На деревьях что-то запело, забулькало, затренькало, и она невольно оторвалась от своей катушки, взглянув вверх, заслушалась. Подумала, что это и в самом деле весна. И что с весной всегда приходит к людям хорошее. И что они со Славой, конечно…

— Думаешь, соловьи, сестрица? — Она обернулась, увидела пожилого красноармейца. — Дрозды, миленькая, дрозды! Они и под соловьев могут, и под кого угодно! А соловьям рано, — пояснил он и пошел, гремя двумя котелками, своей дорогой…

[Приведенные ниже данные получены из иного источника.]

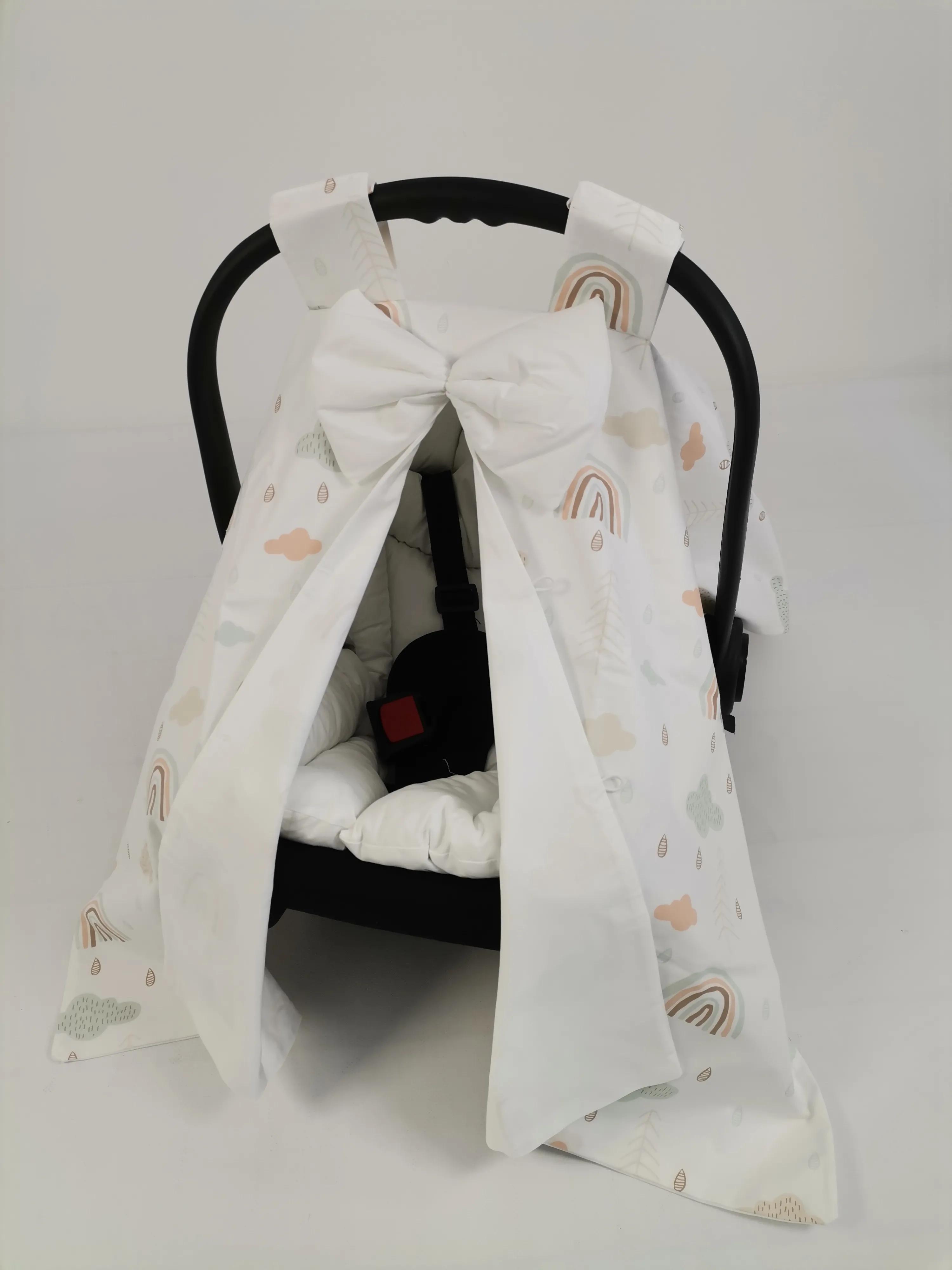 beyaz poplin ve gökkuşağı desenli poplin kumaştan üretilen Puset Örtüsü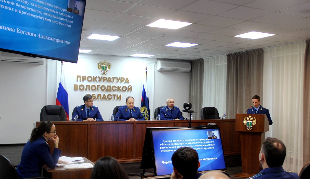 Сегодня, 07 ноября, в прокуратуре Вологодской области под председательством прокурора области Андрея Тимошичева состоялось расширенное заседание коллегии по обсуждению результатов анализа состояния законности и практики прокурорского надзора за исполнением законодательства о противодействии экстремистской деятельности и терроризму.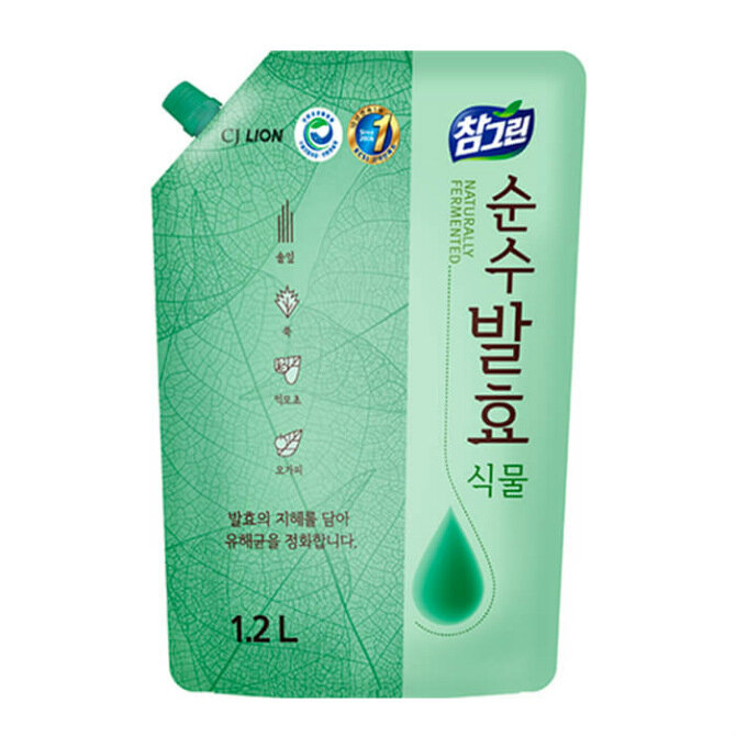 CJ Lion Ср-во д/мытья посуды Chamgreen Pure Fermentation "Растительные ферменты" мягк. упак., 1200мл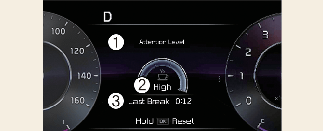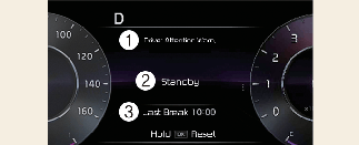 The warning message will appear on the cluster and an audible warning will sound to suggest that the driver take a break, when the driver's attention level is below 1.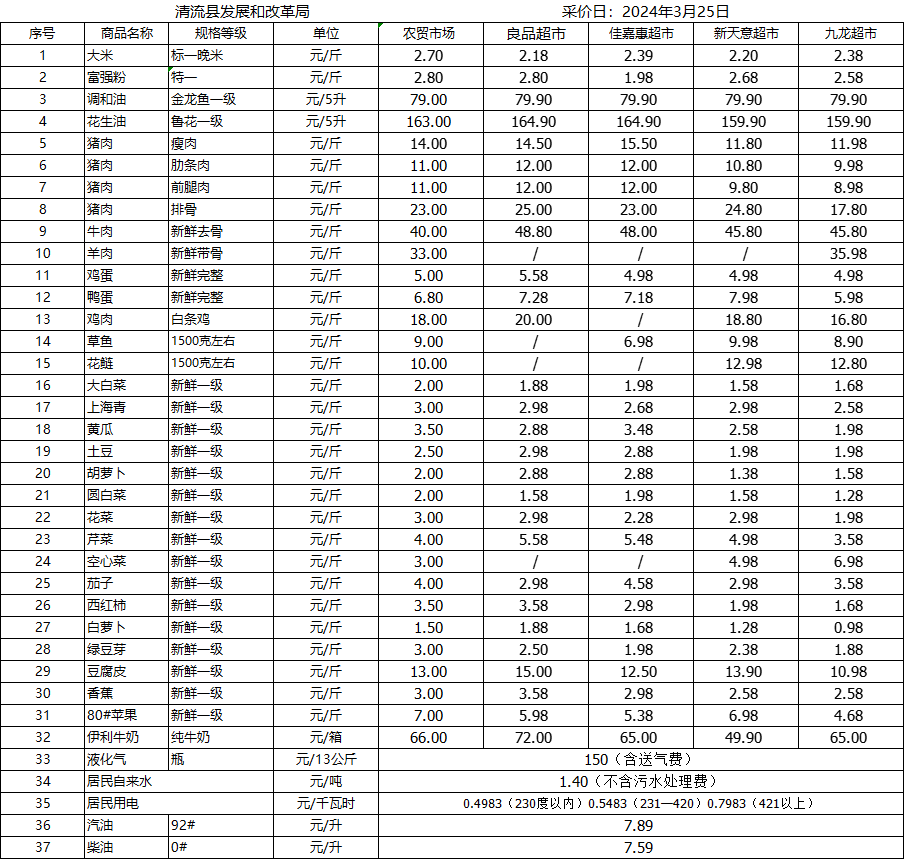 清流縣民生價格行情(采價日:2024.03.25)

О дроздах она слышала что-то. Или читала — в школе, давно. Невзрачные такие, серые пичуги. Неужели они поют под соловьев? Ведь соловей — это соловей. А тут дрозд. Впрочем, это не о дроздах ли рассказывали, что они даже говорить умеют, как люди, если их научить? Или о скворцах? Вообще странные существа эти птицы…

И все же где он, Слава?

После дежурства она пошла по городу, надеясь увидеть Славу. Их батальону и верно дали отдых. Слава был прав. Может, и верно он свезет теперь ее на речку Ворю? Ведь после Юхнова и война может быстро кончиться. Уж так здесь немцев долбанули, что вряд ли они скоро опомнятся. Ох, если бы все это быстро кончилось! Она шла и шла, а увидела другое. Колючая проволока. Грязные, темные земляные дыры. Зашла в одну из них с табличкой «№ 6»: над входом трупы наших красноармейцев, истощенных, оборванных.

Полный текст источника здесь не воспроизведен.